Input ::
^^^^^^^^
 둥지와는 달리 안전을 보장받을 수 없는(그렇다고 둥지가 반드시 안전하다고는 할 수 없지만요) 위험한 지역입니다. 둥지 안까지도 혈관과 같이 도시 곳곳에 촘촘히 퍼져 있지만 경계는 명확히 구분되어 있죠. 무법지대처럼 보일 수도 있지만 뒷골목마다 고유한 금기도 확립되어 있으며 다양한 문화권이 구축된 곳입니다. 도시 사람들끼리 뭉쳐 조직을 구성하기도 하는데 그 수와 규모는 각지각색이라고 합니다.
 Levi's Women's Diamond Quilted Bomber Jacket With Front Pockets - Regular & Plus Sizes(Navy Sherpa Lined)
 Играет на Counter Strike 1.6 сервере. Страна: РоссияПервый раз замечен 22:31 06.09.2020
^^^^^^^^
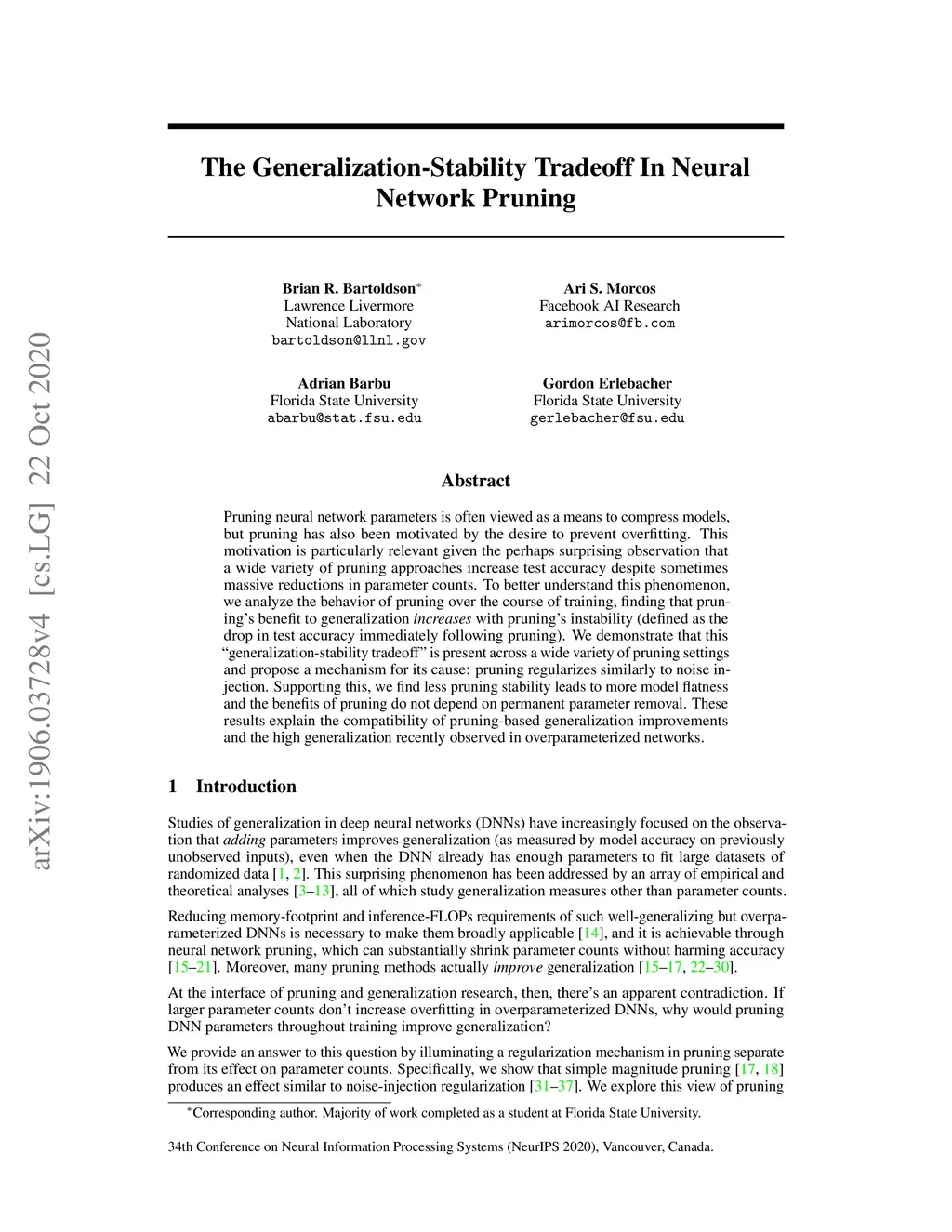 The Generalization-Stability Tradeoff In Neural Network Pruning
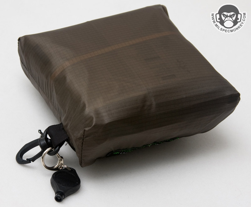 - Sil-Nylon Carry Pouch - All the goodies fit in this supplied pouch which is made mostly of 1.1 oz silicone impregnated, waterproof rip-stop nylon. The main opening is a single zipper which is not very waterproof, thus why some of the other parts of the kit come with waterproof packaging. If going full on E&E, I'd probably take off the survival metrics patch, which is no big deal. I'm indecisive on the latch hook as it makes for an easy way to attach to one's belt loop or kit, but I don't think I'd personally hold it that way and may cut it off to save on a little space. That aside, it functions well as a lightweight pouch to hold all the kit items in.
^^^^^^^^
What you should do ::
Starting at the line with "둥지와는 달리 안전을" and ending at the line with "Играет на Counter", print each line of the listing above exactly, with no other lines.

Exercise response ::
 둥지와는 달리 안전을 보장받을 수 없는(그렇다고 둥지가 반드시 안전하다고는 할 수 없지만요) 위험한 지역입니다. 둥지 안까지도 혈관과 같이 도시 곳곳에 촘촘히 퍼져 있지만 경계는 명확히 구분되어 있죠. 무법지대처럼 보일 수도 있지만 뒷골목마다 고유한 금기도 확립되어 있으며 다양한 문화권이 구축된 곳입니다. 도시 사람들끼리 뭉쳐 조직을 구성하기도 하는데 그 수와 규모는 각지각색이라고 합니다.
 Levi's Women's Diamond Quilted Bomber Jacket With Front Pockets - Regular & Plus Sizes(Navy Sherpa Lined)
 Играет на Counter Strike 1.6 сервере. Страна: РоссияПервый раз замечен 22:31 06.09.2020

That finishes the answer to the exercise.